Banking Tech Outlook 2026: Building for Regulation, Resilience, and Real-Time Money
Most banking CTOs I talk to aren’t worried about one “big trend.” They’re worried about three trends hitting at the same time:
Most banking CTOs I talk to aren’t worried about one “big trend.” They’re worried about three trends hitting at the same time:
- regulators getting a lot more specific about operational resilience and third‑party risk
- customers expecting instant, always-on money movement
- an attack surface that now includes vendors, APIs, and AI-assisted fraud
The awkward bit is these forces don’t map cleanly to your org chart. The teams shipping features usually aren’t the ones on the hook for resilience. Vendor management teams often can’t prove risk is going down because they don’t have the telemetry (or the leverage) to measure it.
Regulatory pressure is also getting more global and more operational. In the EU, the Digital Operational Resilience Act (DORA) pushes banks toward measurable ICT risk management, incident reporting, resilience testing, and tighter oversight of critical third parties (European Commission DORA overview). In the US, the SEC’s cyber incident disclosure rules force public companies to get crisp about materiality and timelines—so incident response can’t be “best effort” anymore (SEC final rule). In the UK, the Bank of England/PRA/FCA operational resilience regime is pushing firms to define “important business services,” set impact tolerances, and prove they can stay within them under stress (Bank of England operational resilience). And globally, ISO 27001:2022 keeps showing up as a baseline expectation in vendor and audit conversations, especially for banks with cross-border operations (ISO/IEC 27001:2022 overview). The pattern is pretty obvious: regulators are moving from “do you have policies?” to “show me evidence the system behaves under stress.”
That shift should change your architecture priorities. If you’re still running the bank as a collection of tightly coupled systems with shared databases and fuzzy service ownership, resilience testing turns into theater. You can’t model blast radius with confidence. You can’t isolate failures without collateral damage. And you can’t produce audit-ready evidence without a lot of heroics.
The banks coping better treat resilience as a product requirement. They set explicit SLOs for customer journeys (login, balance, card authorization, payments). They keep dependency maps current (not a quarterly spreadsheet exercise). And they schedule failure-mode testing like any other release work. The mindset shift is from “availability of systems” to “availability of services customers actually feel.”
Practically, that usually means investing in:
- Clear service boundaries and ownership
- Idempotent, replayable event flows for payments and ledger-adjacent systems
- Active-active (or at least well-rehearsed failover) for the handful of services that define your impact tolerances
- Telemetry that answers regulator questions without a war room
Real-time payments and open banking make all of this harder, not easier. Instant rails compress your time-to-detect and time-to-decide. When money moves in seconds, you don’t get a comfortable human-in-the-loop window.
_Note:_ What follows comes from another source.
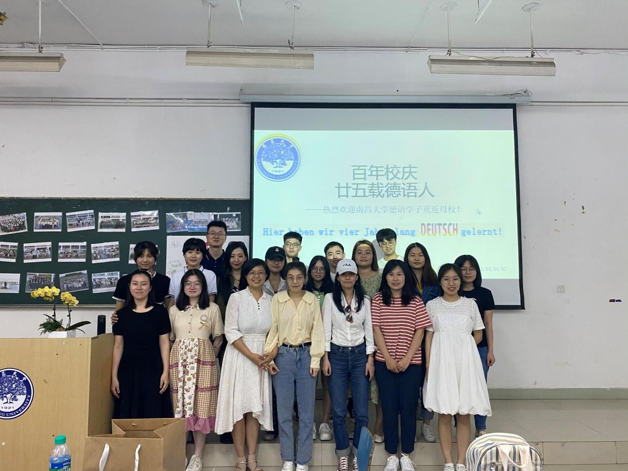 本网讯(外国语学院)5月1日下午和2日上午,值南昌大学百年校庆之际,外国语学院德语专业在外经楼102室喜迎德语校友返回母校参加校庆活动,并组织了两场校友经验分享座谈会,旨在为在校生提供更多的思路以明确自己未来的发展方向,避免踩“雷”。座谈会由德语教研室主任刘婷婷老师主持,来自全国各地近30名德语校友在座谈会上分享了他们的大学生活、学习经验以及工作经历等。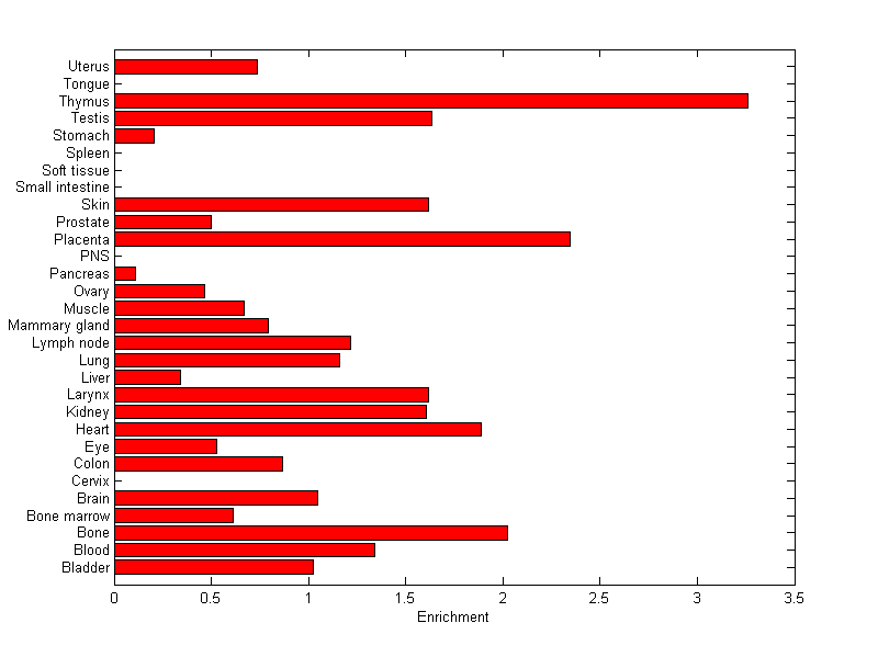 The expression level is normalized with tissue-library size. Each value for a gene in a tissue is a ratio of observed ESTs to the expected one in this tissue. The expected number of ESTs is the product of total ESTs of the gene and the fraction of total ESTs in the tissue among all ESTs in 30 tissues.

Open banking APIs also multiply the number of “front doors” into your estate, and third parties become part of your customer experience whether you like it or not.
This is where leadership matters as much as tech. If product teams are measured on feature throughput and platform/risk teams are measured on “no incidents,” you’ll get exactly what you’d expect: shadow integrations, brittle vendor dependencies, and postmortems that don’t change behavior.
The better operating model is to align incentives around customer-journey SLOs and impact tolerances, then fund the enabling work as first-class roadmap items: rate limiting, fraud signals, circuit breakers, chaos testing, vendor failover plans.
If you want a concrete metric, track:
- MTTR for customer-impacting incidents
- % of incidents where you can name the owning team and the upstream dependency within 15 minutes
If you can’t do that, you don’t have an engineering problem—you have an accountability and observability problem.
Here’s what I’d do in the next 90 days if I were stepping into a banking CTO seat with global regulatory exposure.
First, build a single “regulatory-to-technical” map: DORA/UK operational resilience/SEC disclosure/ISO controls → your top 10 important business services → the systems and vendors that support them. This is where tools like Command Center earn their keep: one place to track services, incidents, tech debt, vendor risk, and capacity so you can show progress instead of telling stories.
Second, run a dependency and blast-radius exercise for your top three customer journeys (card auth, payments, digital onboarding). Make it brutally honest. Include SaaS providers, data feeds, and identity vendors—the stuff that actually breaks at 2 a.m.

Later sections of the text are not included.